ASSIGNMENT –
Could you give the listing again exactly, without its pictures?

SOURCE MATERIAL –
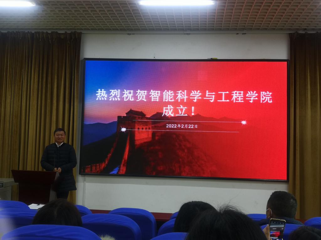 (本网讯 王晓敏)2022年2月22日,智能科学与工程学院全体教职工在学院二楼学术报告厅召开学院成立大会暨新学期开学动员大会,学院党委书记孙先波主持会议,执行院长陈世强发表讲话并提出总体要求,党委副书记张严超对当前疫情防控工作作出具体部署,党委副书记汪涛宣读学校党委组织部干部任免文件,副院长钱楷宣读学校成立智能科学与工程学院相关文件。
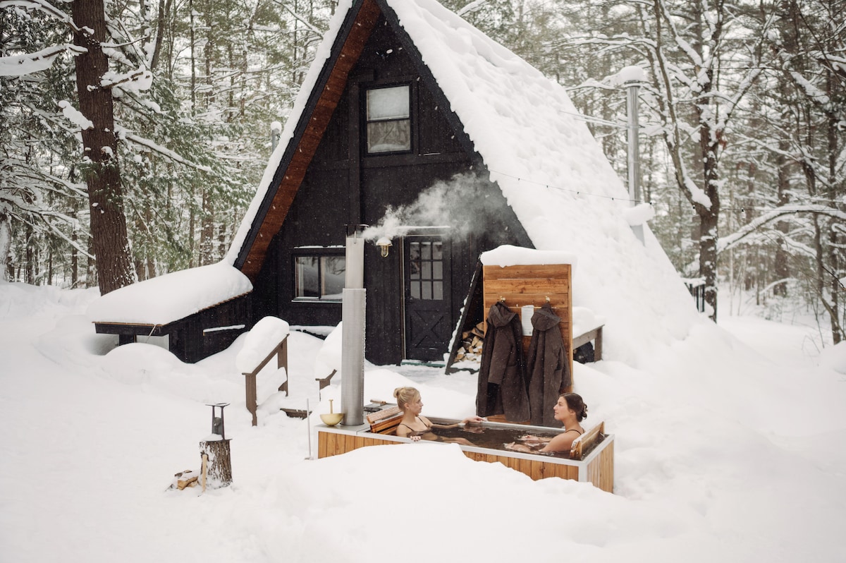Abbiamo un bellissimo Aframe costruito di 1.000 piedi quadrati! Di recente è stato installato un sistema teatrale da 100 pollici nel soggiorno! La baita si trova a Lakes of the North, che offre una vacanza perfetta per l'uomo all'aria aperta. Sentieri affiancati! Offriamo 2 kayak da usare (da trasportare), tavole e sacche da cornhole, percorsi in UTV/ORV, escursioni, rafting al Jordan Valley Outfitter, gite in motoslitta e molti ristoranti raffinati, diverse stazioni sciistiche e brevi gite di un giorno! Inoltre, una vasca idromassaggio a 90 getti per il massimo relax!
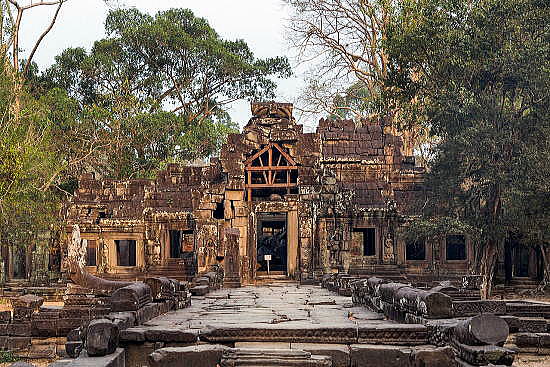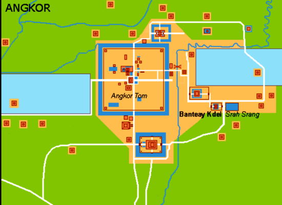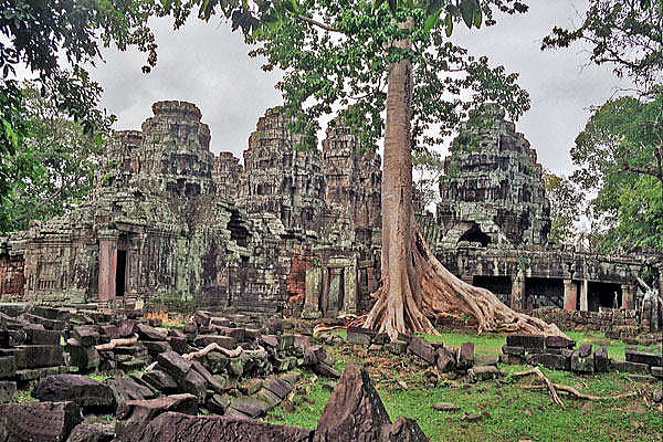 | アンコール遺跡全体目次 <東部の寺院・遺跡1> スピアン・トマ タ・ケウ1 タ・ケウ2 バンテアイ・サムレ1 バンテアイ・サムレ2 タ・プローム1 タ・プローム2 スラ・スラン バンテアイ・クデイ1 バンテアイ・クデイ2 バンテアイ・クデイ3 ◆バンテアイ・クデイ1(Prasat Banteay Kdei) バンテアイ・クデイは、多くの アンコール寺院の1つであり、400平方キロメートル(150平方マイル)のアンコール遺跡公園内に位置します。 クメール王朝時代におけるアンコールの古代都市はトンレサップからクーレン丘陵にかけて広がる1,000平方キロメートルの広大な領域にわたっています。 ![]() アンコール遺跡・寺院地図 この寺院はタ・プロームの東の塔門(ゴープラ、gopura)より600メートルとなる経路沿いに通じています。この経路はバンテアイ・クデイの西塔門入口につながっています。寺院はアンコール・トムの東3キロメートルにあります。 ![]() 出典:グーグルマップ やはり、バンテアイ・クデイも敷地は正方形であり、その周りは濠となっています。 ![]() バンテアイ・クデイ(Prasat Banteay Kdei) 出典:グーグルマップ衛星写真 ![]() カンボジア、アンコール、バンテアイ・クデイ寺院 Source:Wikimedia Commons バンテアイ・クデイ(Prasat Banteay Kdei)は、カンボジアのアンコール遺跡において、「チャンバ族の砦」("Citadel of Chambers")、または「僧房の砦」( "Citadel of Monks' cells")として知られる仏教寺院です。 この寺院はタ・プロームの南東、アンコール・トムの東に位置します。12世紀半ばから13世紀初頭のジャヤーヴァルマン7世(在位1181年-1218年頃[8]または1219年ないし1220年頃、死後 "Maha paramasangata pada" と称されました)の統治中に築かれたものです。 バイヨン様式で、構成はタ・プロームやプリヤ・カーンに似ていますが、複雑ではなく、より小さい寺院です。その構造物は2重の周壁に囲まれており、そして塔門から2重の中央回廊を構成し、東面前方には前柱殿があります。 この仏教寺院複合体は、これまで不完全な建設およびその建築に質の悪い砂岩が使われていたために荒廃し、現在修復を受けています。バンテアイ・クデイは1960年代まで何世紀にもわたってさまざまな間隔で僧侶により占有されていました。 ![]() バンテアイ・クデイ(Prasat Banteay Kdei) Source:Wikimedia Commons ![]() バンテアイ・クデイ(Prasat Banteay Kdei) Source:Wikimedia Commons ![]() バンテアイ・クデイ(Banteay Kdei)は、カンボジアのアンコールにある寺院です。それはタプロームの南東とアンコールトムの東に位置しています。 ジャヤバルマン7世の治世中の12世紀後半から13世紀初頭に建てられたこの寺院は、バイヨン様式の仏教寺院で、タ・プロームやプレア・カーン(Preah Khan)と似ていますが、それほど複雑ではありません。その構造は2つの連続した囲い壁の中に含まれており、そこから塔が出現する2つの同心円のギャラリーから成り、その前には回廊があります。この修道院の複合体は現在、不完全な構造と質 の悪い砂岩が原因で老朽化しています。バンテアイ・クデイは何世紀にもわたって様々な間隔で僧侶によって占領されてきましたが、碑文の石は発見されたことがないので、神殿が誰に捧げられているのかは不明です。 Source:Wikimedia Commons 地理 ![]() バンテアイ・クデイ(Prasat Banteay Kdei)の位置 Source:Wikimedia Commons 歴史 クメール王朝は802年から1431年の長きにわたっており、当初12世紀末まではヒンドゥー教徒の敬虔な信仰のもと、その後は仏教徒の厚い信奉のもとにありました。その時代に壮大な寺院が建造されるようになり、1191年まではスーリヤヴァルマン2世の統治中において、その後12-13世紀にはジャヤーヴァルマン7世のもとにおいて頂点に達しました。 バンテアイ・クデイを含め、多くの仏教寺院が12世紀半ばから13世紀初頭に構築されました。ジャヤーヴァルマン7世は多くの寺院を建造した功績が評価されましたが、彼はまた社会および他の職務を犠牲にした途方もない寺院の建築計画における散財が非難されています。 ジャヤーヴァルマン7世は聖観音菩薩を主に崇める仏教寺院を構築しましたこの寺院は、ジャヤーヴァルマン7世による同時期の近隣にあるタ・プロームやプリヤ・カーン寺院の様式と同様に構築されたが、規模は小さく、ラージェンドラヴァルマン2世(英語版)により建てられた10世紀の寺院の位置に、仏教僧院複合体として築かれました。いくつかの小さな碑文は、ジャヤーヴァルマン7世および王室建築家 Kavindrarimathana により本寺院が建造されたことを証明しています。 ジャヤーヴァルマン7世は、アンコールに攻め入り徹底的に破壊し支配したチャム族を倒した後、55歳で政権を握りました。彼の「驚異的な活動」は、その廃墟からカンボジアの復興をもたらしました。 ジャヤーヴァルマン7世はまず第一にアンコール・トムにおいて首都を再建し、「偉大な建造者」と呼ばれました。彼は多くの寺院を建設する役目を果たし、それはバンテアイ・クデイとは別に、バイヨン、プリ

RESULT OF THE TASK –
 (本网讯 王晓敏)2022年2月22日,智能科学与工程学院全体教职工在学院二楼学术报告厅召开学院成立大会暨新学期开学动员大会,学院党委书记孙先波主持会议,执行院长陈世强发表讲话并提出总体要求,党委副书记张严超对当前疫情防控工作作出具体部署,党委副书记汪涛宣读学校党委组织部干部任免文件,副院长钱楷宣读学校成立智能科学与工程学院相关文件。
Abbiamo un bellissimo Aframe costruito di 1.000 piedi quadrati! Di recente è stato installato un sistema teatrale da 100 pollici nel soggiorno! La baita si trova a Lakes of the North, che offre una vacanza perfetta per l'uomo all'aria aperta. Sentieri affiancati! Offriamo 2 kayak da usare (da trasportare), tavole e sacche da cornhole, percorsi in UTV/ORV, escursioni, rafting al Jordan Valley Outfitter, gite in motoslitta e molti ristoranti raffinati, diverse stazioni sciistiche e brevi gite di un giorno! Inoltre, una vasca idromassaggio a 90 getti per il massimo relax!
 | アンコール遺跡全体目次 <東部の寺院・遺跡1> スピアン・トマ タ・ケウ1 タ・ケウ2 バンテアイ・サムレ1 バンテアイ・サムレ2 タ・プローム1 タ・プローム2 スラ・スラン バンテアイ・クデイ1 バンテアイ・クデイ2 バンテアイ・クデイ3 ◆バンテアイ・クデイ1(Prasat Banteay Kdei) バンテアイ・クデイは、多くの アンコール寺院の1つであり、400平方キロメートル(150平方マイル)のアンコール遺跡公園内に位置します。 クメール王朝時代におけるアンコールの古代都市はトンレサップからクーレン丘陵にかけて広がる1,000平方キロメートルの広大な領域にわたっています。 ![]() アンコール遺跡・寺院地図 この寺院はタ・プロームの東の塔門(ゴープラ、gopura)より600メートルとなる経路沿いに通じています。この経路はバンテアイ・クデイの西塔門入口につながっています。寺院はアンコール・トムの東3キロメートルにあります。 ![]() 出典:グーグルマップ やはり、バンテアイ・クデイも敷地は正方形であり、その周りは濠となっています。 ![]() バンテアイ・クデイ(Prasat Banteay Kdei) 出典:グーグルマップ衛星写真 ![]() カンボジア、アンコール、バンテアイ・クデイ寺院 Source:Wikimedia Commons バンテアイ・クデイ(Prasat Banteay Kdei)は、カンボジアのアンコール遺跡において、「チャンバ族の砦」("Citadel of Chambers")、または「僧房の砦」( "Citadel of Monks' cells")として知られる仏教寺院です。 この寺院はタ・プロームの南東、アンコール・トムの東に位置します。12世紀半ばから13世紀初頭のジャヤーヴァルマン7世(在位1181年-1218年頃[8]または1219年ないし1220年頃、死後 "Maha paramasangata pada" と称されました)の統治中に築かれたものです。 バイヨン様式で、構成はタ・プロームやプリヤ・カーンに似ていますが、複雑ではなく、より小さい寺院です。その構造物は2重の周壁に囲まれており、そして塔門から2重の中央回廊を構成し、東面前方には前柱殿があります。 この仏教寺院複合体は、これまで不完全な建設およびその建築に質の悪い砂岩が使われていたために荒廃し、現在修復を受けています。バンテアイ・クデイは1960年代まで何世紀にもわたってさまざまな間隔で僧侶により占有されていました。 ![]() バンテアイ・クデイ(Prasat Banteay Kdei) Source:Wikimedia Commons ![]() バンテアイ・クデイ(Prasat Banteay Kdei) Source:Wikimedia Commons ![]() バンテアイ・クデイ(Banteay Kdei)は、カンボジアのアンコールにある寺院です。それはタプロームの南東とアンコールトムの東に位置しています。 ジャヤバルマン7世の治世中の12世紀後半から13世紀初頭に建てられたこの寺院は、バイヨン様式の仏教寺院で、タ・プロームやプレア・カーン(Preah Khan)と似ていますが、それほど複雑ではありません。その構造は2つの連続した囲い壁の中に含まれており、そこから塔が出現する2つの同心円のギャラリーから成り、その前には回廊があります。この修道院の複合体は現在、不完全な構造と質 の悪い砂岩が原因で老朽化しています。バンテアイ・クデイは何世紀にもわたって様々な間隔で僧侶によって占領されてきましたが、碑文の石は発見されたことがないので、神殿が誰に捧げられているのかは不明です。 Source:Wikimedia Commons 地理 ![]() バンテアイ・クデイ(Prasat Banteay Kdei)の位置 Source:Wikimedia Commons 歴史 クメール王朝は802年から1431年の長きにわたっており、当初12世紀末まではヒンドゥー教徒の敬虔な信仰のもと、その後は仏教徒の厚い信奉のもとにありました。その時代に壮大な寺院が建造されるようになり、1191年まではスーリヤヴァルマン2世の統治中において、その後12-13世紀にはジャヤーヴァルマン7世のもとにおいて頂点に達しました。 バンテアイ・クデイを含め、多くの仏教寺院が12世紀半ばから13世紀初頭に構築されました。ジャヤーヴァルマン7世は多くの寺院を建造した功績が評価されましたが、彼はまた社会および他の職務を犠牲にした途方もない寺院の建築計画における散財が非難されています。 ジャヤーヴァルマン7世は聖観音菩薩を主に崇める仏教寺院を構築しましたこの寺院は、ジャヤーヴァルマン7世による同時期の近隣にあるタ・プロームやプリヤ・カーン寺院の様式と同様に構築されたが、規模は小さく、ラージェンドラヴァルマン2世(英語版)により建てられた10世紀の寺院の位置に、仏教僧院複合体として築かれました。いくつかの小さな碑文は、ジャヤーヴァルマン7世および王室建築家 Kavindrarimathana により本寺院が建造されたことを証明しています。 ジャヤーヴァルマン7世は、アンコールに攻め入り徹底的に破壊し支配したチャム族を倒した後、55歳で政権を握りました。彼の「驚異的な活動」は、その廃墟からカンボジアの復興をもたらしました。 ジャヤーヴァルマン7世はまず第一にアンコール・トムにおいて首都を再建し、「偉大な建造者」と呼ばれました。彼は多くの寺院を建設する役目を果たし、それはバンテアイ・クデイとは別に、バイヨン、プリ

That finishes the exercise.